Takeuchi’s first-ever NEH grant will support the research for and writing of her book, “Early Coalitions Between Japanese and American Feminists, from World War I to the U.S. Occupation of Japan,” looking at women’s movements in each country in that time period, according to the release.
The award is part of $12.8 million in funding announced recently by the NEH to support 253 humanities projects throughout the nation.
“Her work promises to reinterpret the objectives of the American occupation personnel in liberating Japanese women after the Second World War,” history department Chairman David Shafer said in a statement. “NEH fellowships are very competitive and Dr. Takeuchi’s selection for the NEH Fellowship for Advanced Research on Japan is testament to the importance of her work.”
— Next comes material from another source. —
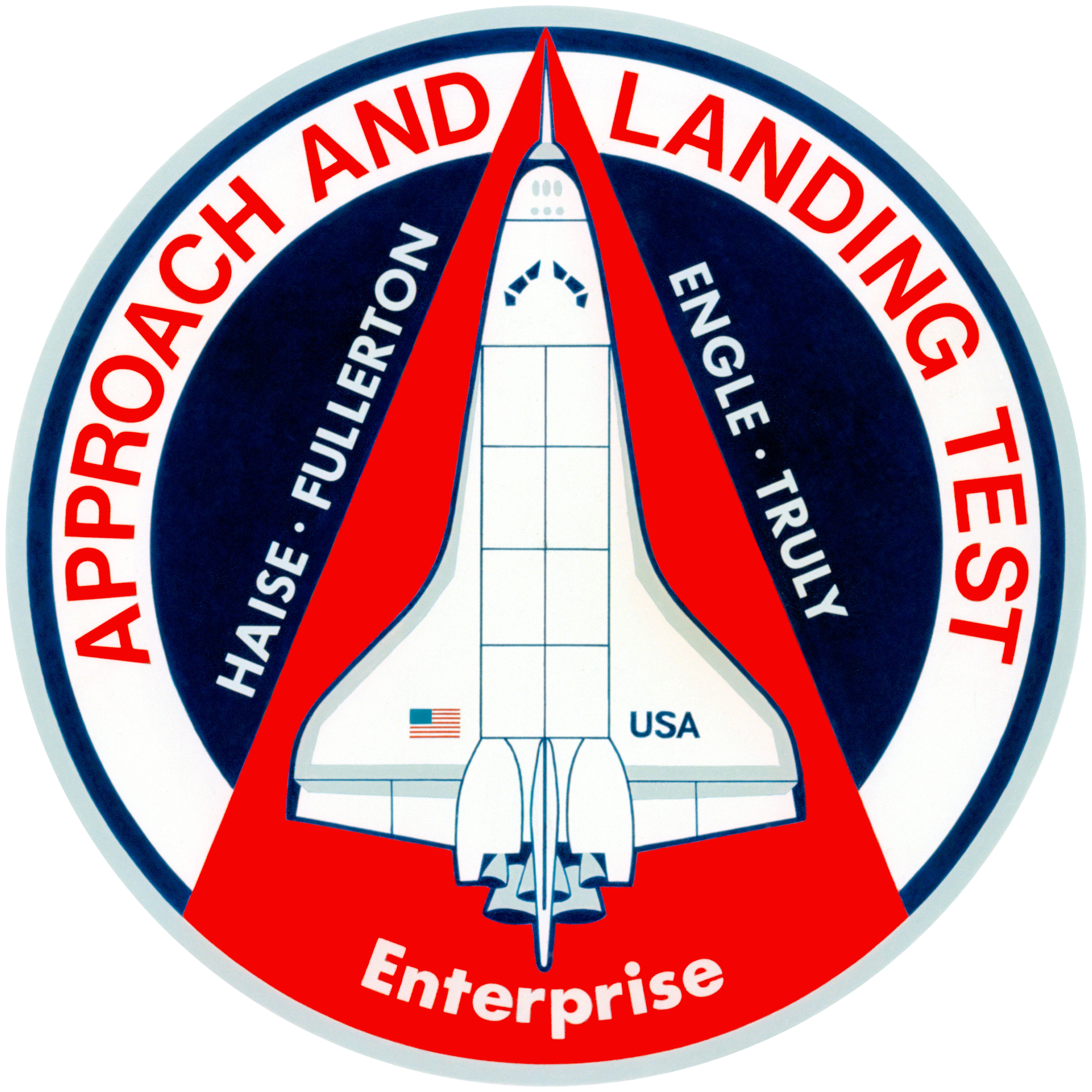 The official patch for the Approach and Landing Tests flown by the Space Shuttle Enterprise during 1977. This circular, red, white and blue emblem has been chosen as the official insignia for the Space Shuttle Approach and Landing Test (ALT) flights. A picture of the Orbiter 101 "Enterprise" is superimposed over a red triangle, which in turn is superimposed over a large inner circle of dark blue. The surnames of the members of the two ALT crews are in white in the field of blue. The four crew men are astronauts Fred W. Haise Jr., commander of the first crew; Joe H. Engle, commander of the second crew; and Richard H. Truly, pilot of the second crew. ALT is a series of flights with a modified Boeing 747 Shuttle Carrier Aircraft (SCA) as a ferry aircraft and airborne launch platform for the 67,300 kilogram (75-ton) "Enterprise". The Shuttle Orbiter atmospheric testing is in preparation for the first Earth-orbital flights scheduled in 1979.

Takeuchi believes her proposal received NEH attention due to its “scholarly inquiry into the leadership role played by Japanese women—a role that crossed national borders.” Her study highlights the potential for social change, created during prewar meetings between Japanese women and their American counterparts, according to the release.
“Collaborative activism can change a society,” she stated. “Principles of belief can cross borders, race and culture.”
Takeuchi, who earned her bachelor’s and master’s degrees in international studies from CSULB, said she felt “thrilled and overjoyed” by the award, stating “I hope this recognition inspires our students.”